> _TASK ITEM_: Word for word, restate the lines from the start of the data below through the line containing "Cradle Of Filth".

Start of DATA FOR THIS TASK

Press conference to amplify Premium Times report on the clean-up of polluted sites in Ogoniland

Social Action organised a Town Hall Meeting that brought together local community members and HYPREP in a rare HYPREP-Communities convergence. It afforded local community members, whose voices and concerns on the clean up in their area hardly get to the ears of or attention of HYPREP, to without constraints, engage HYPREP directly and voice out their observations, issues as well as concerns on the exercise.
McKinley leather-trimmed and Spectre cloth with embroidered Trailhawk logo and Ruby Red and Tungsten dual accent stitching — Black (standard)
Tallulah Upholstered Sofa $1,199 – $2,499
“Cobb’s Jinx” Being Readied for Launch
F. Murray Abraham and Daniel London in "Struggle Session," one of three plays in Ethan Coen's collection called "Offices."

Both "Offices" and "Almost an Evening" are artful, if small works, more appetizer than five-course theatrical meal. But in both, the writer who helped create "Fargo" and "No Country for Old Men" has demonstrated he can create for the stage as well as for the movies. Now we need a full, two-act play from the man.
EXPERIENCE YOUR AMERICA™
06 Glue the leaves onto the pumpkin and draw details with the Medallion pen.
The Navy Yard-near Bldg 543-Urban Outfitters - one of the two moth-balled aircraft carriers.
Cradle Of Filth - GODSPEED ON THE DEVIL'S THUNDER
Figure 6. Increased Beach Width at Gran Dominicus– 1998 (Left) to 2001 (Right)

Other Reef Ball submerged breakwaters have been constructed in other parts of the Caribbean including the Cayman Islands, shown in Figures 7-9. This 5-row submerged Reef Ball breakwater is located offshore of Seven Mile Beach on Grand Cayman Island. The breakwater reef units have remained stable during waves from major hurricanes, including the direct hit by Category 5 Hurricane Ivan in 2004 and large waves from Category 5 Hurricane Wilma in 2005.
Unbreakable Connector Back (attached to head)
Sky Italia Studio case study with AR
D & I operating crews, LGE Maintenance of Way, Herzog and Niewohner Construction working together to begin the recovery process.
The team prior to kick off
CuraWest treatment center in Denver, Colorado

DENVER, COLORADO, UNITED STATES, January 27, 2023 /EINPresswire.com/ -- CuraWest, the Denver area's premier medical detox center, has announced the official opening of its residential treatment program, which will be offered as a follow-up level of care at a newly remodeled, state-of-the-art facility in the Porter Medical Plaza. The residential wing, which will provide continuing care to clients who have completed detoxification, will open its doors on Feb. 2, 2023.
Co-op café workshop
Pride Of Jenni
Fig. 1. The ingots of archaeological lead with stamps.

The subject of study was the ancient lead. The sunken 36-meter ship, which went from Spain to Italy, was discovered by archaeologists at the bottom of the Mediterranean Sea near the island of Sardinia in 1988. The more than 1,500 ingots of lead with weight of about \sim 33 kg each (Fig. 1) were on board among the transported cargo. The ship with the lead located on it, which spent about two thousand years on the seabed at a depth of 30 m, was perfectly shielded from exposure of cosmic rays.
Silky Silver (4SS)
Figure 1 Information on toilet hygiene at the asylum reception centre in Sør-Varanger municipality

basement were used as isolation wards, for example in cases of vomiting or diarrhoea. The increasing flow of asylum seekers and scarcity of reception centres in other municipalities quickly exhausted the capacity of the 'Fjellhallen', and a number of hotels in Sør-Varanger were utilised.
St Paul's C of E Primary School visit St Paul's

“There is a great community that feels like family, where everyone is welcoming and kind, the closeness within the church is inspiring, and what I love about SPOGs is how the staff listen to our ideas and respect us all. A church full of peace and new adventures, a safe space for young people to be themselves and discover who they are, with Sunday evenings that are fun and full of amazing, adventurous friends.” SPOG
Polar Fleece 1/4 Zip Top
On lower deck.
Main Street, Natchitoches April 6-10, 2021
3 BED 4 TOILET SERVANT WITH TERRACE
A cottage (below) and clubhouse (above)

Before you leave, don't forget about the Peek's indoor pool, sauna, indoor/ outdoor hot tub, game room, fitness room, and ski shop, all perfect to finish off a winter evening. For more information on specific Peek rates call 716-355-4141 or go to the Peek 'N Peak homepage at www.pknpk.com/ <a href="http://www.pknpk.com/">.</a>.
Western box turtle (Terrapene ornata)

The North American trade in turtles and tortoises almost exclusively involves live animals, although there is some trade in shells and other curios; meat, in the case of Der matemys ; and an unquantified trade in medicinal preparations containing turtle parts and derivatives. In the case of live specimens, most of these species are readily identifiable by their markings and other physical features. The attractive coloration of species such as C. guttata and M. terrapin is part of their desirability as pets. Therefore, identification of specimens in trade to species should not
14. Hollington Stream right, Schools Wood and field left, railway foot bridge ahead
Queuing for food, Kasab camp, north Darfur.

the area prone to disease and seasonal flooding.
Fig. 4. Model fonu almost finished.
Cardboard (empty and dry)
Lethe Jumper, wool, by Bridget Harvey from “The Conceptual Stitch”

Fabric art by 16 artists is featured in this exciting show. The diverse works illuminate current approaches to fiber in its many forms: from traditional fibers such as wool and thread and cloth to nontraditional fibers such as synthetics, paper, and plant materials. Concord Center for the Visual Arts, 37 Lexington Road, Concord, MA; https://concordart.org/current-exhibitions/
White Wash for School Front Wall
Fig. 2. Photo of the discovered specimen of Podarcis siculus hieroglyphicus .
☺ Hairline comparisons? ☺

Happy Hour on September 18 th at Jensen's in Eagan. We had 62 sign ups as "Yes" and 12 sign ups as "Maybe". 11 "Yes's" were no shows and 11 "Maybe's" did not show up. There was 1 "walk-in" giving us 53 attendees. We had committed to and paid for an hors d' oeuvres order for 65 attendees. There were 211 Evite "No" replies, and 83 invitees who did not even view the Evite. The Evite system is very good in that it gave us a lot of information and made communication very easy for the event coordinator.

End of DATA FOR THIS TASK

> _ANSWER BOX_:
Press conference to amplify Premium Times report on the clean-up of polluted sites in Ogoniland

Social Action organised a Town Hall Meeting that brought together local community members and HYPREP in a rare HYPREP-Communities convergence. It afforded local community members, whose voices and concerns on the clean up in their area hardly get to the ears of or attention of HYPREP, to without constraints, engage HYPREP directly and voice out their observations, issues as well as concerns on the exercise.
McKinley leather-trimmed and Spectre cloth with embroidered Trailhawk logo and Ruby Red and Tungsten dual accent stitching — Black (standard)
Tallulah Upholstered Sofa $1,199 – $2,499
“Cobb’s Jinx” Being Readied for Launch
F. Murray Abraham and Daniel London in "Struggle Session," one of three plays in Ethan Coen's collection called "Offices."

Both "Offices" and "Almost an Evening" are artful, if small works, more appetizer than five-course theatrical meal. But in both, the writer who helped create "Fargo" and "No Country for Old Men" has demonstrated he can create for the stage as well as for the movies. Now we need a full, two-act play from the man.
EXPERIENCE YOUR AMERICA™
06 Glue the leaves onto the pumpkin and draw details with the Medallion pen.
The Navy Yard-near Bldg 543-Urban Outfitters - one of the two moth-balled aircraft carriers.
Cradle Of Filth - GODSPEED ON THE DEVIL'S THUNDER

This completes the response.